- _Collected data_

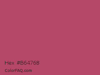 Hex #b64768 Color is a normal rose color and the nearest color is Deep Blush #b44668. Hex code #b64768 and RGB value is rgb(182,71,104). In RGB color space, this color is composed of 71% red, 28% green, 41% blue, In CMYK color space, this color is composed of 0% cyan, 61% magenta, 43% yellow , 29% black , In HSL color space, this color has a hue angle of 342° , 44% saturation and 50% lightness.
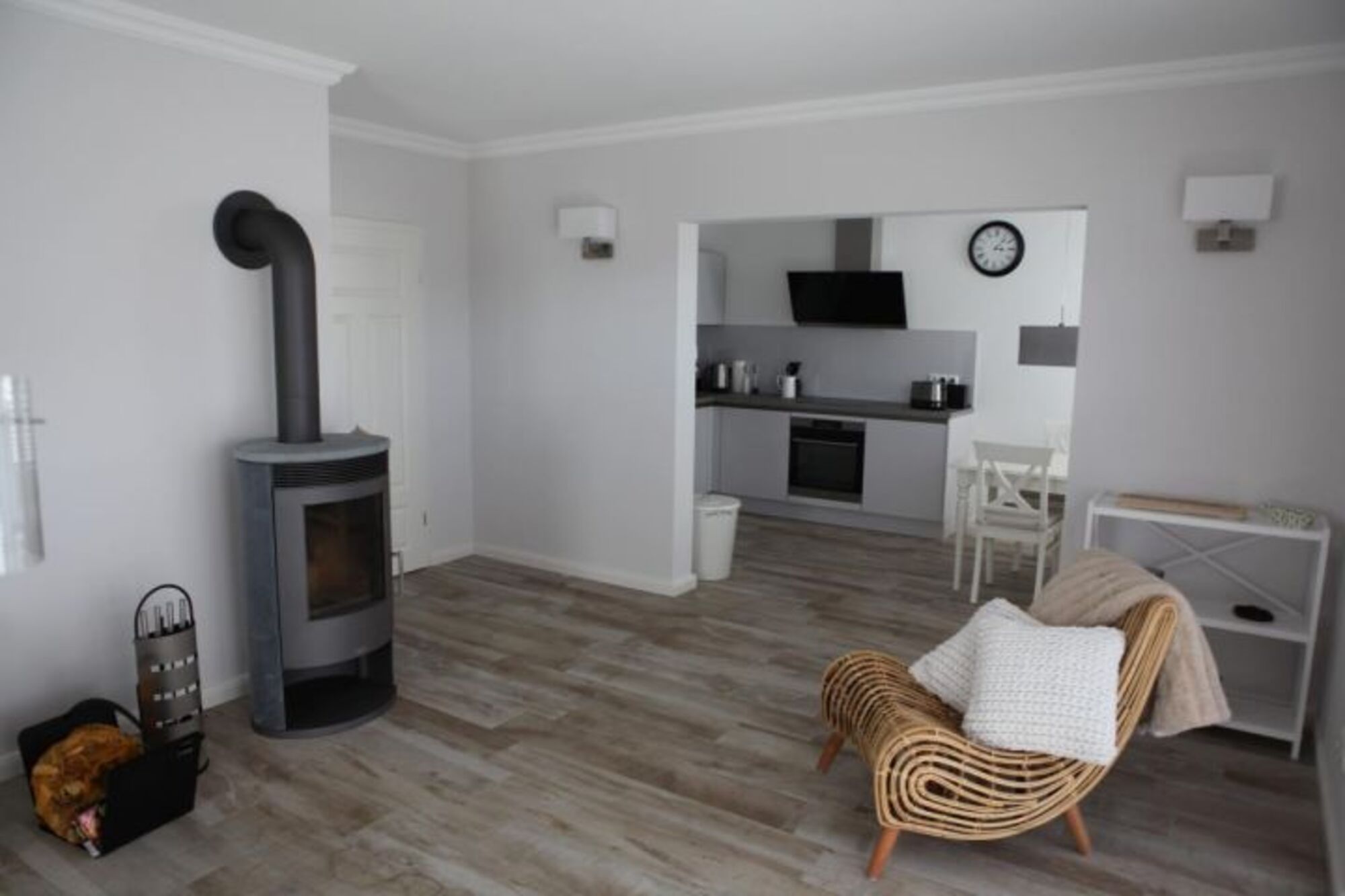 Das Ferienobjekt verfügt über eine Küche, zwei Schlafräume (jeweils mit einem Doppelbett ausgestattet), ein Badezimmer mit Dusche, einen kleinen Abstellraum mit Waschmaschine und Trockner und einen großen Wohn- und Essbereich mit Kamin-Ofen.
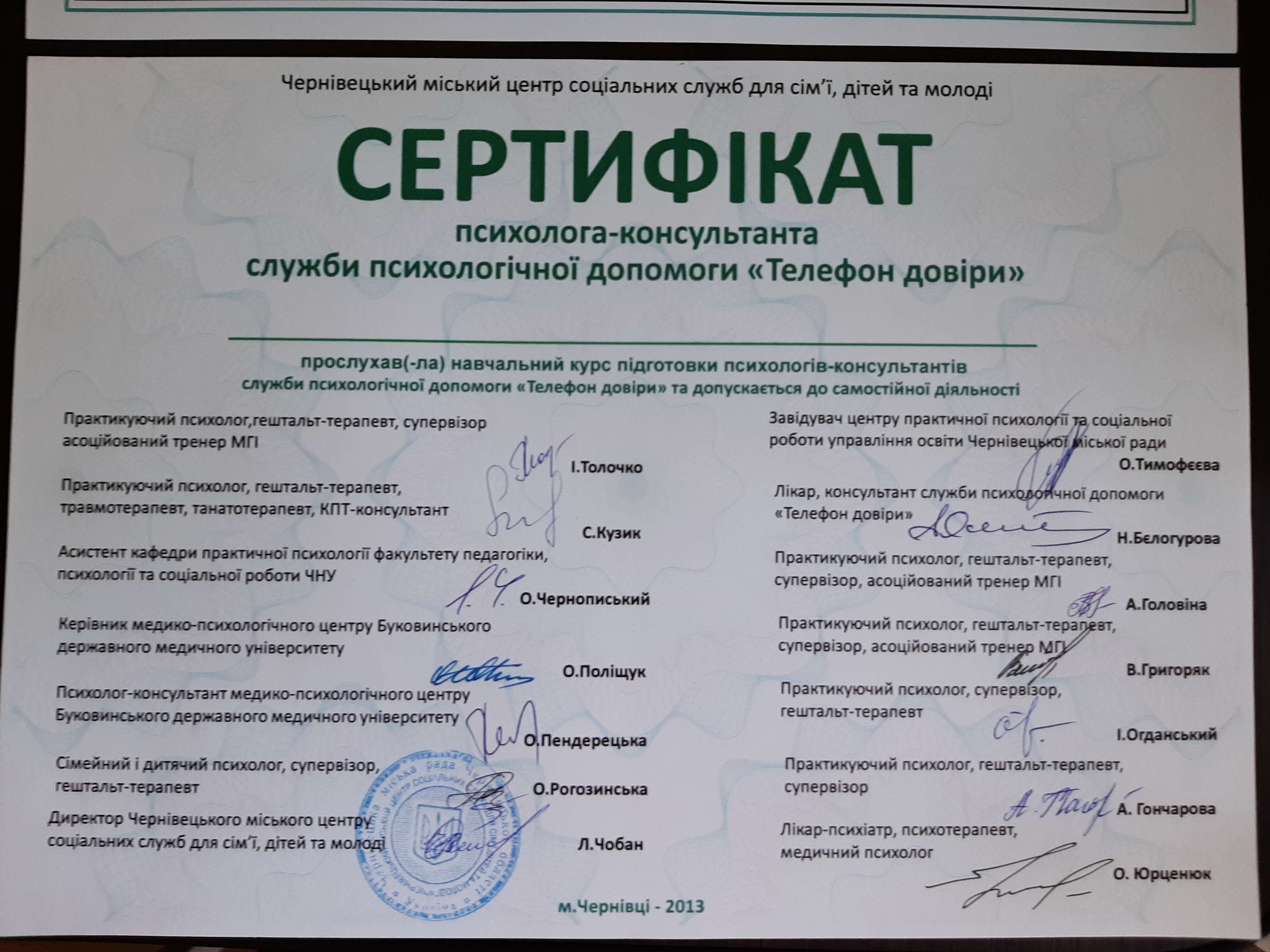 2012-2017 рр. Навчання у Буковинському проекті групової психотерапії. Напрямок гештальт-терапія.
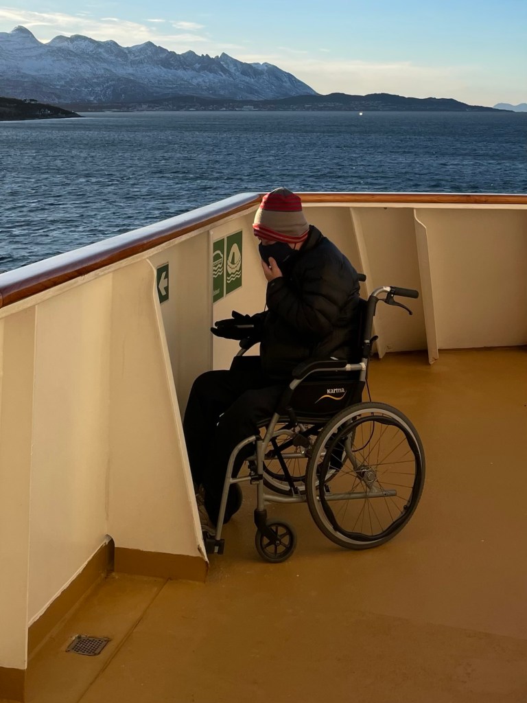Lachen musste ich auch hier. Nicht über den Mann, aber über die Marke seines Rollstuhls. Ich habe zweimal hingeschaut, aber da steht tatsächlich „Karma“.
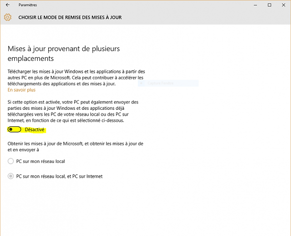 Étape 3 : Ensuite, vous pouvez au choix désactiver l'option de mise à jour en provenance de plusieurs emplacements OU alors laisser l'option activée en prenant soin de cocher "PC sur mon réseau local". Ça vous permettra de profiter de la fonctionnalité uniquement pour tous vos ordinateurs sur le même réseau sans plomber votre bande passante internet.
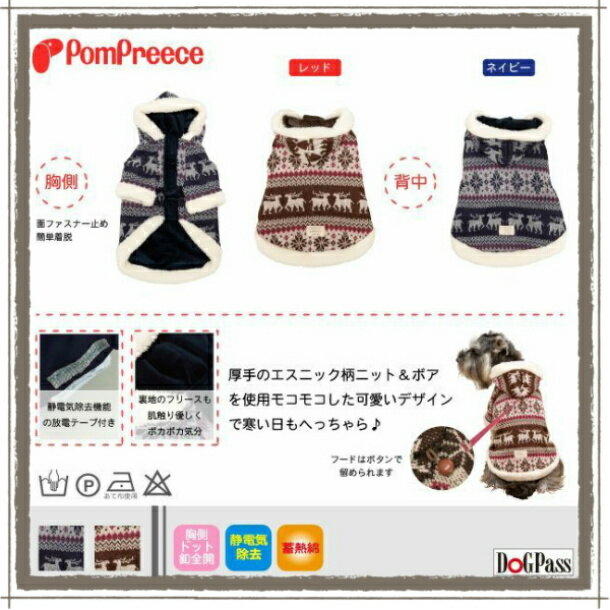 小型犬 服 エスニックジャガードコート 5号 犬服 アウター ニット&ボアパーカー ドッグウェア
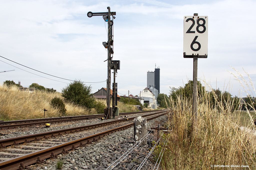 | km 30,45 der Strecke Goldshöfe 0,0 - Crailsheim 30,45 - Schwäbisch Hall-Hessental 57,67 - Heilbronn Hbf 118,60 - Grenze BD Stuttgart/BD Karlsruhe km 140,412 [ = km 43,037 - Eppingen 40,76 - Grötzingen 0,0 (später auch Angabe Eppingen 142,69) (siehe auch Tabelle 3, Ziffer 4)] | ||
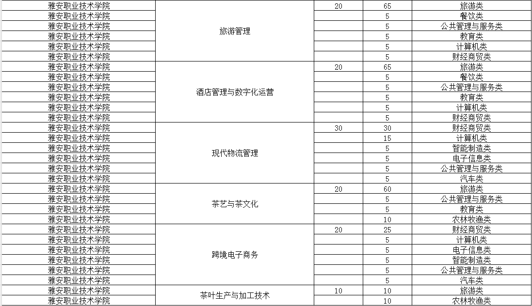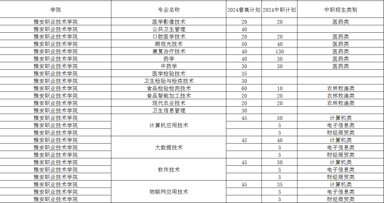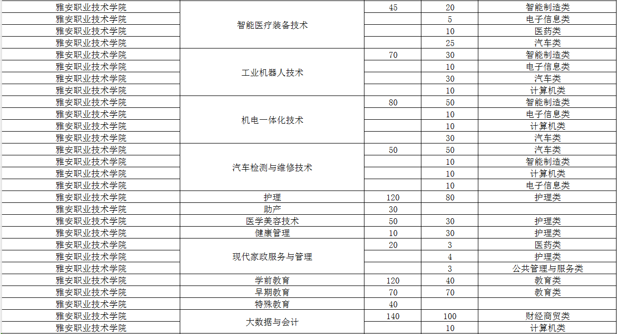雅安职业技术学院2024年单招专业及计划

- _Try it_
Print, word for word, every entry shown above; the pictures stay out.

- _Task output_
 Hex #b64768 Color is a normal rose color and the nearest color is Deep Blush #b44668. Hex code #b64768 and RGB value is rgb(182,71,104). In RGB color space, this color is composed of 71% red, 28% green, 41% blue, In CMYK color space, this color is composed of 0% cyan, 61% magenta, 43% yellow , 29% black , In HSL color space, this color has a hue angle of 342° , 44% saturation and 50% lightness.
 Das Ferienobjekt verfügt über eine Küche, zwei Schlafräume (jeweils mit einem Doppelbett ausgestattet), ein Badezimmer mit Dusche, einen kleinen Abstellraum mit Waschmaschine und Trockner und einen großen Wohn- und Essbereich mit Kamin-Ofen.
 2012-2017 рр. Навчання у Буковинському проекті групової психотерапії. Напрямок гештальт-терапія.
Lachen musste ich auch hier. Nicht über den Mann, aber über die Marke seines Rollstuhls. Ich habe zweimal hingeschaut, aber da steht tatsächlich „Karma“.
 Étape 3 : Ensuite, vous pouvez au choix désactiver l'option de mise à jour en provenance de plusieurs emplacements OU alors laisser l'option activée en prenant soin de cocher "PC sur mon réseau local". Ça vous permettra de profiter de la fonctionnalité uniquement pour tous vos ordinateurs sur le même réseau sans plomber votre bande passante internet.
 小型犬 服 エスニックジャガードコート 5号 犬服 アウター ニット&ボアパーカー ドッグウェア
 | km 30,45 der Strecke Goldshöfe 0,0 - Crailsheim 30,45 - Schwäbisch Hall-Hessental 57,67 - Heilbronn Hbf 118,60 - Grenze BD Stuttgart/BD Karlsruhe km 140,412 [ = km 43,037 - Eppingen 40,76 - Grötzingen 0,0 (später auch Angabe Eppingen 142,69) (siehe auch Tabelle 3, Ziffer 4)] | ||
雅安职业技术学院2024年单招专业及计划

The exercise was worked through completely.